MPG-o-Matic Nissan Altima Hybrid Review Summary: The Altima Hybrid is a mid-sized front-wheel-drive sedan that competes with the Honda Civic Hybrid and Toyota Camry Hybrid in the “hybrid that doesn’t look like a hybrid” market.
Hybrid vehicles typically get better gas mileage in the city than on the highway. The Altima is a case in point. The EPA gas mileage estimates for the 2008 Altima Hybrid come in at 35 city / 33 highway. In a week of driving in mid-thirty to fifty degree weather, our gas mileage met those numbers.
The Altima Hybrid doesn’t draw attention to itself and is nearly indistinguishable from a standard Altima. Overlook the trio of hybrid badges on the fenders and trunk lid, and your friends and neighbors will never know you drive a hybrid.
After all, who would expect a hybrid with dual exhaust?
Underneath the hood and those smartly designed covers, the Altima Hybrid is fitted with a 2.5 liter four-cylinder engine that produces 158 horsepower, in tandem with an electric motor that delivers an additional 40 horsepower.
Add up the numbers and you’ll find that the Altima Hybrid is not underpowered by any means.
The 2008 Altima Hybrid is an Advanced Technology Partial Zero Emission Vehicle and a bit of a rare bird, as Nissan has restricted sales to just eight states: California, New York, New Jersey, Connecticut, Massachusetts, Vermont, and Maine.
Lets take a look inside the cabin …
While our review unit lacked the optional leather interior and sophisticated navigation package, it’s roomy and comfortable, with a crisp design. The standard sound system includes an integrated satellite radio, steering wheel controls, and a face-mounted iPod jack.
Starting the Altima Hybrid is a bit out of the ordinary.
The Altima’s “Intelligent Key” doesn’t need to be inserted into the ignition. Indeed, there is no ignition. The Intelligent Key needs only be inside the cabin. Step on the brake pedal, push the big button the dash, and the Altima Hybrid is ON …
Don’t worry if the gas engine doesn’t start right up. You’ll typically roll out of your parking spot in EV mode, under silent electronic propulsion. If the engine is cold, it will start up within moments and continue running until warmed up.
The Altima Hybrid is remarkably quiet in EV mode. In cars without the Navigation system’s Energy flow monitor and energy/fuel history monitor – part of the optional $6,400 Technology Package – the only visual indication of EV mode is a small orange indicator.
Driving in EV mode feels a bit like floating …
The engine switches automatically to conventional propulsion while under acceleration. The Altima will switch back to EV mode while decelerating at speeds under 40 miles per hour … it’s eerily silent at stoplights.

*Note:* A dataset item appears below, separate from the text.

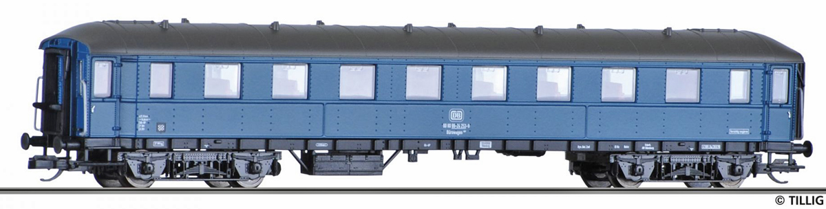 | osobní vůz modrý s šedou střechou do pracovního vlaku |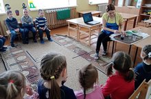 В рамках всероссийской акции «Наши истоки. Читаем фольклор». Библиотекарь рассказал дошкольникам о различных жанрах народного творчества: песнях, потешках, пословицах и поговорках, загадках, скороговорках и дразнилках. Дети задорно произносили скороговорки, учили дразнилки.

In fact, the Altima Hybrid might be too quiet in parking lots and driveways … without the rumble of an engine, it’s easy to sneak up on folks.
All-in-all, we found the Altima Hybrid to be a solid choice for folks who do a significant amount of in-town driving and are looking for a roomy sedan with excellent city gas mileage. If you’re in the market for a hybrid that doesn’t look like a hybrid, there’s a good chance the Altima will fit the bill.